BEGIN DATA FOR THE TASK

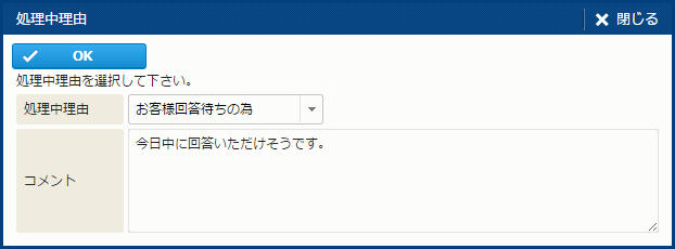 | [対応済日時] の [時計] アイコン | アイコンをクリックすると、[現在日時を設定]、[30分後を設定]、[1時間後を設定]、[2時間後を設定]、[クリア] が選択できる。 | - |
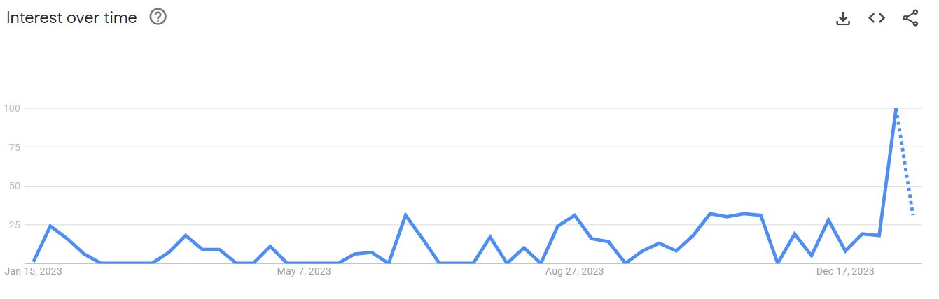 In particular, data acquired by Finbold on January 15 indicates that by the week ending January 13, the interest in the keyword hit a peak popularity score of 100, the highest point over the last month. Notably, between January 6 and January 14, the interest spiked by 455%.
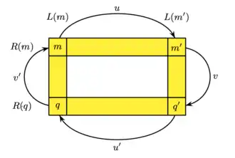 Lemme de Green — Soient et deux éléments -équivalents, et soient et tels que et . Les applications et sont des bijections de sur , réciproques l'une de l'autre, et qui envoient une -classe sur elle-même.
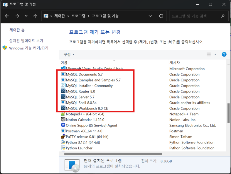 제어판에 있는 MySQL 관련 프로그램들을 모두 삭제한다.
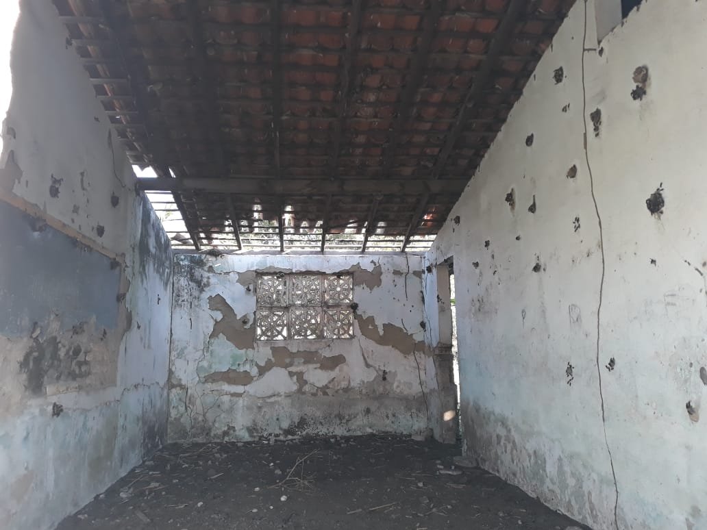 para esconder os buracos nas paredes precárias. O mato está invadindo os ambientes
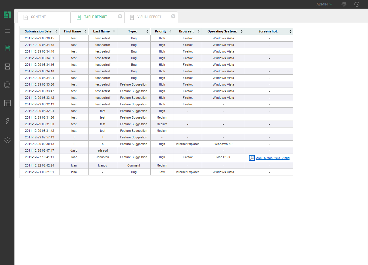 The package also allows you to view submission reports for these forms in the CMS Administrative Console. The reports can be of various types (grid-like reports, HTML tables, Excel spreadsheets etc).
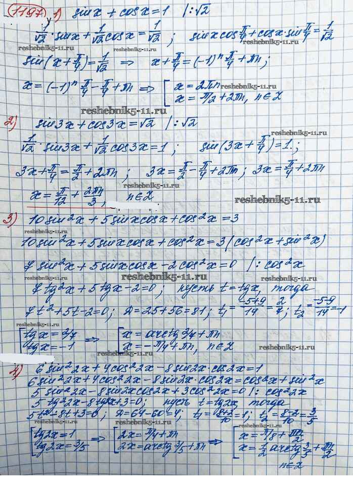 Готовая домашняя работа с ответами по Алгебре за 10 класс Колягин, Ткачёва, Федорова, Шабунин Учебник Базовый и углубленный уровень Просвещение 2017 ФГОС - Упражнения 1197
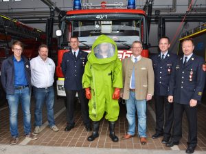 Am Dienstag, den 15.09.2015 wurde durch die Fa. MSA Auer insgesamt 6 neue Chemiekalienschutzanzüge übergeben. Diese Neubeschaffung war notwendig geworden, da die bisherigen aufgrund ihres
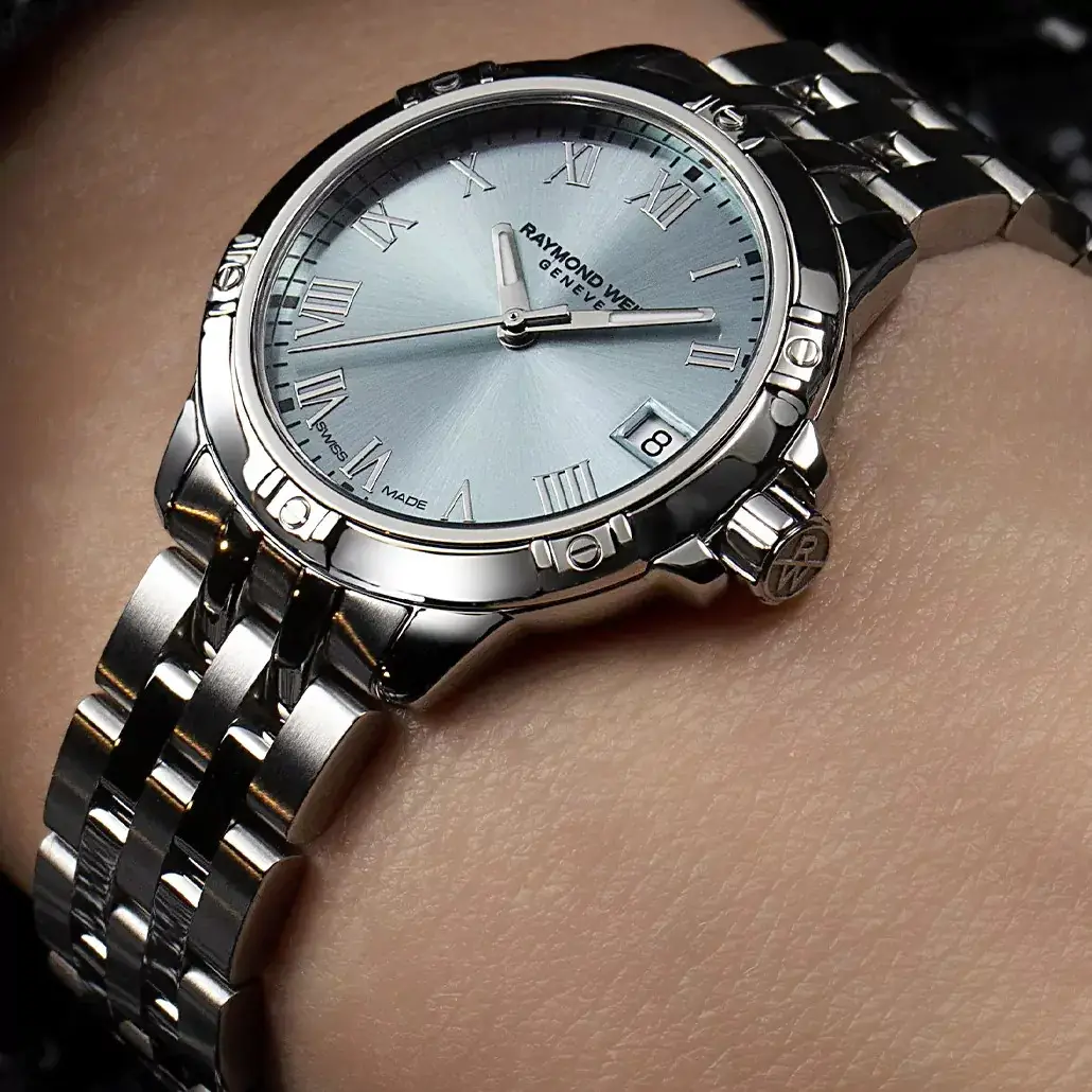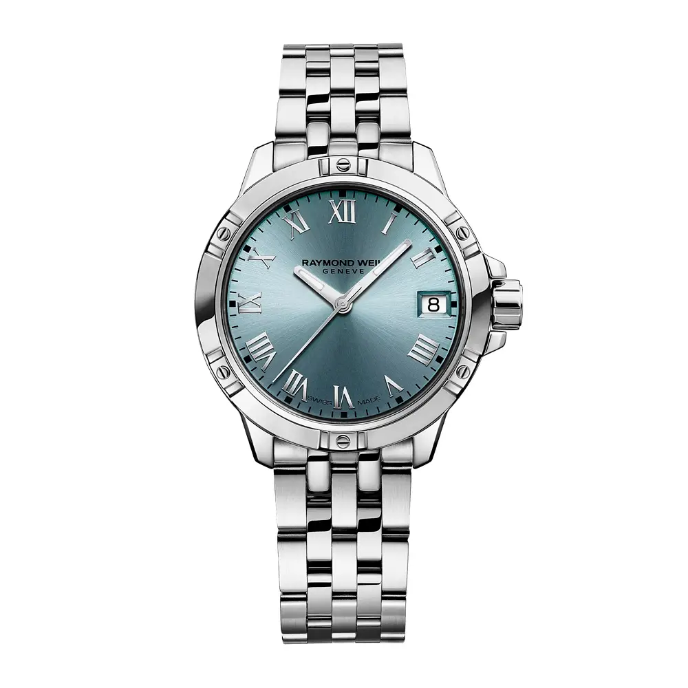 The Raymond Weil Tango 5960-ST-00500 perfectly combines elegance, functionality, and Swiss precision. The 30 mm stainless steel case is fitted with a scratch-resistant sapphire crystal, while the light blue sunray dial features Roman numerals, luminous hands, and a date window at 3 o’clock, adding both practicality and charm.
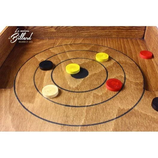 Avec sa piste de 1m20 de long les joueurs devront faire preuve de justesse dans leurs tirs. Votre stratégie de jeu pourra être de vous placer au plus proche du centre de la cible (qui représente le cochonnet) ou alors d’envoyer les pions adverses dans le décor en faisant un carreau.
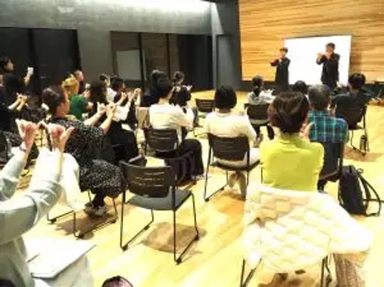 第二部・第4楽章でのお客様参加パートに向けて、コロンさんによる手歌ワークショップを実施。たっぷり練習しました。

END DATA FOR THE TASK
BEGIN DATA FOR THE TASK

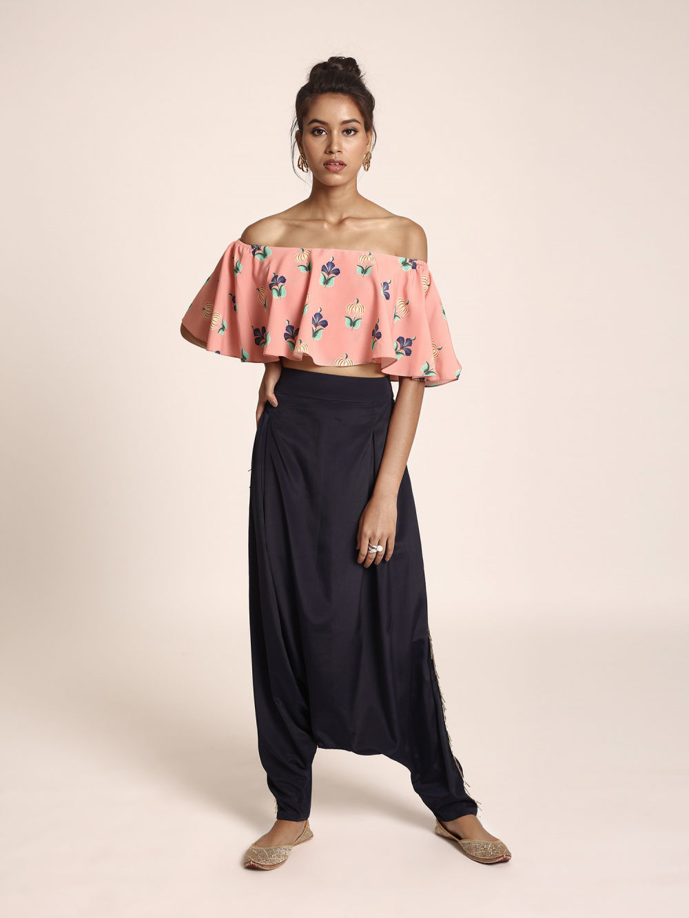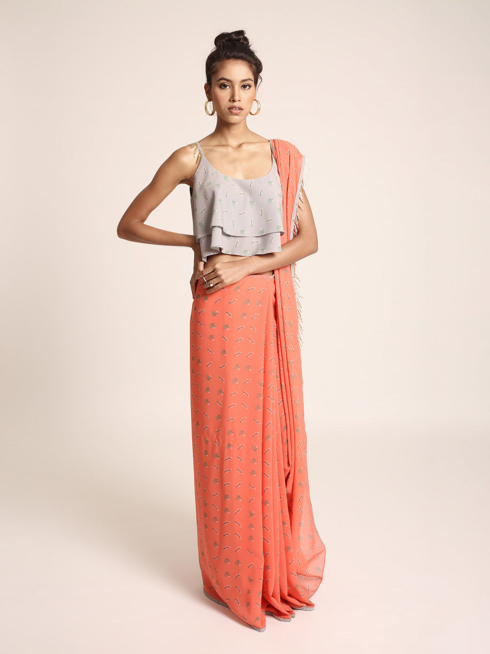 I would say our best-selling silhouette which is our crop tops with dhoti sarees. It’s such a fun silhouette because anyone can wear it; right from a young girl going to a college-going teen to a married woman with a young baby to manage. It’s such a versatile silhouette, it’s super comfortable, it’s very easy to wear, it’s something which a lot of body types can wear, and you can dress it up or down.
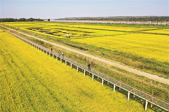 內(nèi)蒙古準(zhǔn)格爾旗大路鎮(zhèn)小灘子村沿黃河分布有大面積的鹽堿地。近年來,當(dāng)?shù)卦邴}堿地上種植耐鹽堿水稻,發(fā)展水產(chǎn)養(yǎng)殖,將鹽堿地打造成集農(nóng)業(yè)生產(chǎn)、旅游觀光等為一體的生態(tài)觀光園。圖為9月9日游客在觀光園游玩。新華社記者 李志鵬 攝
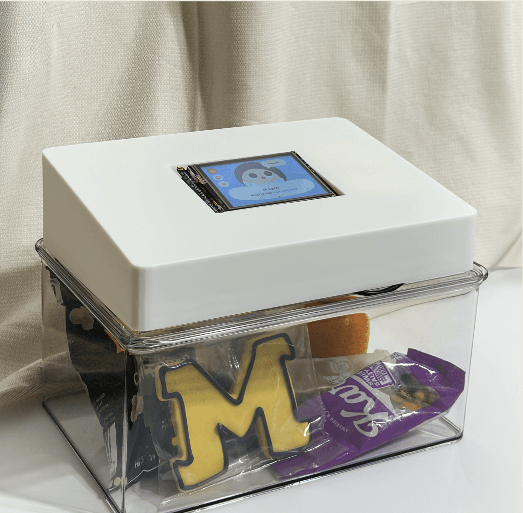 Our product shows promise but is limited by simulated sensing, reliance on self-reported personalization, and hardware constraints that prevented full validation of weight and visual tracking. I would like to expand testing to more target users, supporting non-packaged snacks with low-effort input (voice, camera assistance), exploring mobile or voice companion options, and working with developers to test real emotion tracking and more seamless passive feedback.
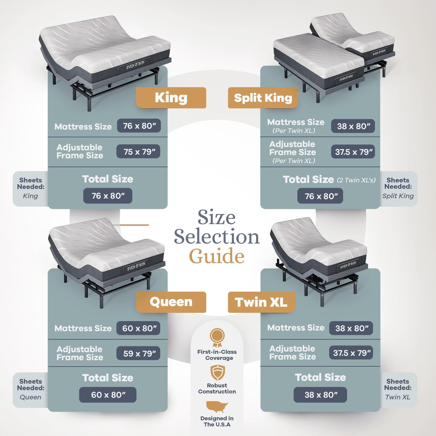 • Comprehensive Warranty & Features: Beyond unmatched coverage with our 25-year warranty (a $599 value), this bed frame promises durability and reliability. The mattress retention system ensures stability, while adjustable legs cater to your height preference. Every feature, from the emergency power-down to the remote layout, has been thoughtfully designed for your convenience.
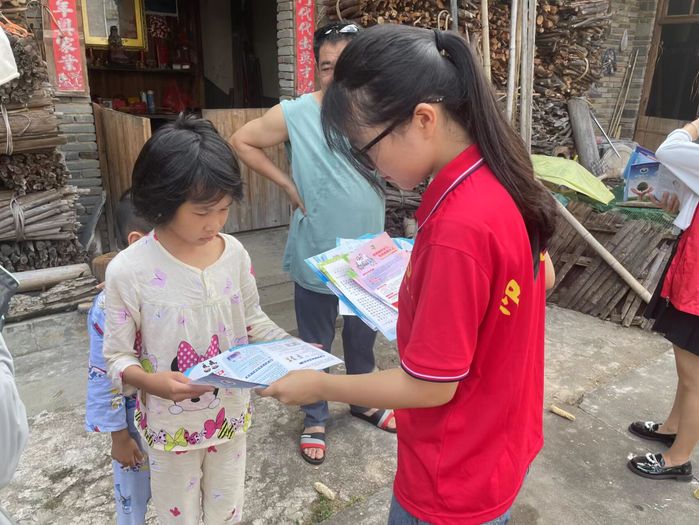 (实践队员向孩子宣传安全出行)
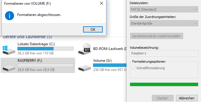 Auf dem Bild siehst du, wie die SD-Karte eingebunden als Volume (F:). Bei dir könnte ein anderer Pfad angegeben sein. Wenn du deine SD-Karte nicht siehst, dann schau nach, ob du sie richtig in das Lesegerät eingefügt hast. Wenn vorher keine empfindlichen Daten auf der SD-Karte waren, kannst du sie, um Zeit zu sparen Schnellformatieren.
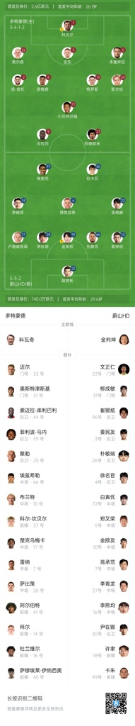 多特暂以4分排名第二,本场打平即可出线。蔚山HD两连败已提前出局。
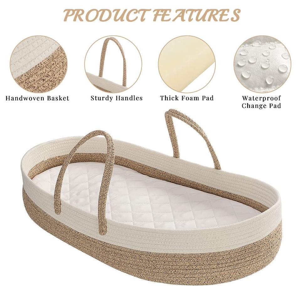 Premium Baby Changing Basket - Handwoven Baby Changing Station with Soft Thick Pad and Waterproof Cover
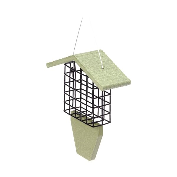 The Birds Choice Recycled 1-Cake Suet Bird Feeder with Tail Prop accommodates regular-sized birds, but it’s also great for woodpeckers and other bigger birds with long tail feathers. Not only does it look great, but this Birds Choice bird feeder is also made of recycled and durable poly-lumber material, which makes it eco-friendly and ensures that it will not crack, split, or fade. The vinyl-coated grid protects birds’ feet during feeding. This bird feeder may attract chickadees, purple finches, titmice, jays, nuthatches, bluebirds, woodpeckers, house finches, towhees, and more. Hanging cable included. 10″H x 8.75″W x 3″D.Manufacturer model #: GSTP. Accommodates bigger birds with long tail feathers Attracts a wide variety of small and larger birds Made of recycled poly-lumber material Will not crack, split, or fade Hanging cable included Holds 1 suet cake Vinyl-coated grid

END DATA FOR THE TASK

◆ WORK TO COMPLETE
Would you output the lines above from the line holding "Auf dem Bild" up to and including the line holding "The Birds Choice", exactly and only those, with no pictures?

◆ OUTPUT BELOW
 Auf dem Bild siehst du, wie die SD-Karte eingebunden als Volume (F:). Bei dir könnte ein anderer Pfad angegeben sein. Wenn du deine SD-Karte nicht siehst, dann schau nach, ob du sie richtig in das Lesegerät eingefügt hast. Wenn vorher keine empfindlichen Daten auf der SD-Karte waren, kannst du sie, um Zeit zu sparen Schnellformatieren.
 多特暂以4分排名第二,本场打平即可出线。蔚山HD两连败已提前出局。
 Premium Baby Changing Basket - Handwoven Baby Changing Station with Soft Thick Pad and Waterproof Cover
 The Birds Choice Recycled 1-Cake Suet Bird Feeder with Tail Prop accommodates regular-sized birds, but it’s also great for woodpeckers and other bigger birds with long tail feathers. Not only does it look great, but this Birds Choice bird feeder is also made of recycled and durable poly-lumber material, which makes it eco-friendly and ensures that it will not crack, split, or fade. The vinyl-coated grid protects birds’ feet during feeding. This bird feeder may attract chickadees, purple finches, titmice, jays, nuthatches, bluebirds, woodpeckers, house finches, towhees, and more. Hanging cable included. 10″H x 8.75″W x 3″D.Manufacturer model #: GSTP. Accommodates bigger birds with long tail feathers Attracts a wide variety of small and larger birds Made of recycled poly-lumber material Will not crack, split, or fade Hanging cable included Holds 1 suet cake Vinyl-coated grid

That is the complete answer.